Inspectie van de rendementen op nominale obligaties en ILBs gedurende de afgelopen 15 jaar geeft aan dat de liquiditeitspremie substantieel is en zelfs groter zou kunnen zijn dan de inflatierisicopremie. Een literatuuroverzicht van econometrische schattingen van de inflatierisicopremie en de liquiditeitspremie geeft hetzelfde resultaat. Dit resultaat is wellicht niet verwonderlijk, gegeven de historisch lage inflatie gedurende de afgelopen 15 jaar. De conclusie is dan ook dat ILBs voor de overheid duurder zouden kunnen uitvallen dan nominale obligaties.

We hebben ook afgeleid dat ILBs helpen om de overheidsschuldquote te stabiliseren, maar de volatiliteit van de tekortquote juist vergroten. Het laatste is een nadeel voor landen in de eurozone vanwege de regels van het Stabiliteits- en Groeipact. Gecombineerd verklaren deze twee elementen waarom overheden in eurolanden niet veel meer van ILBs gebruik maken.

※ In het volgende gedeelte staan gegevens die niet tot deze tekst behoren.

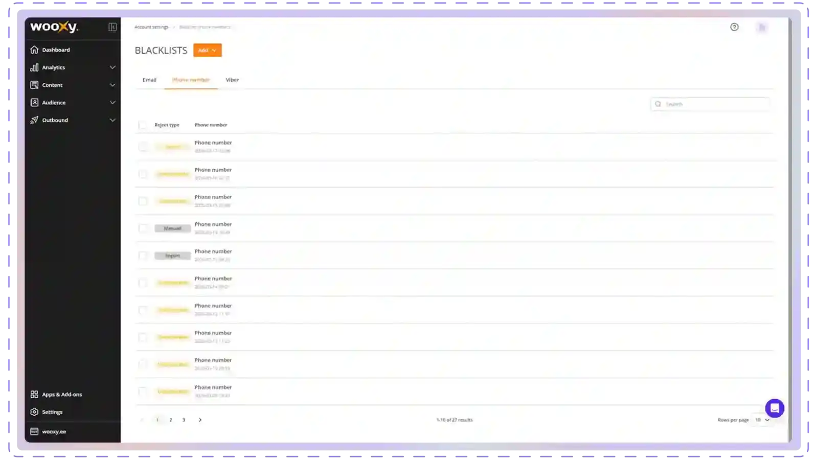 This section explains how to manage the Phone number blacklist, including adding and removing contacts. Management via API is also available; find detailed information here.

We hebben ook meer specifiek naar de Nederlandse casus gekeken. Sommigen verwachten dat wanneer de Nederlandse overheid ILBs zou gaan uitgeven, deze ILBs op een enorm grote belangstelling door Nederlandse pensioenfondsen zouden kunnen rekenen. We zijn het hiermee niet oneens, maar waarschuwen ervoor dat zich ook een tegenovergesteld scenario kan ontvouwen. Pensioenfondsen kunnen nu al in ILBs beleggen die door andere eurolanden worden uitgegeven, maar doen dat slechts mondjesmaat. Het gegeven dat Nederlandse ILBs niet wezenlijk anders zullen zijn dan ILBs die door andere eurolanden worden uitgegeven betekent dat de belangstelling van pensioenfondsen voor Nederlandse ILBs gering zou kunnen zijn. Dit kan er ook mee te maken hebben dat ILBs tot grotere fluctuaties in de dekkingsgraad leiden, wat tamelijk pijnlijk is in geval pensioenfondsen met dekkingsgraadtekorten te kampen hebben.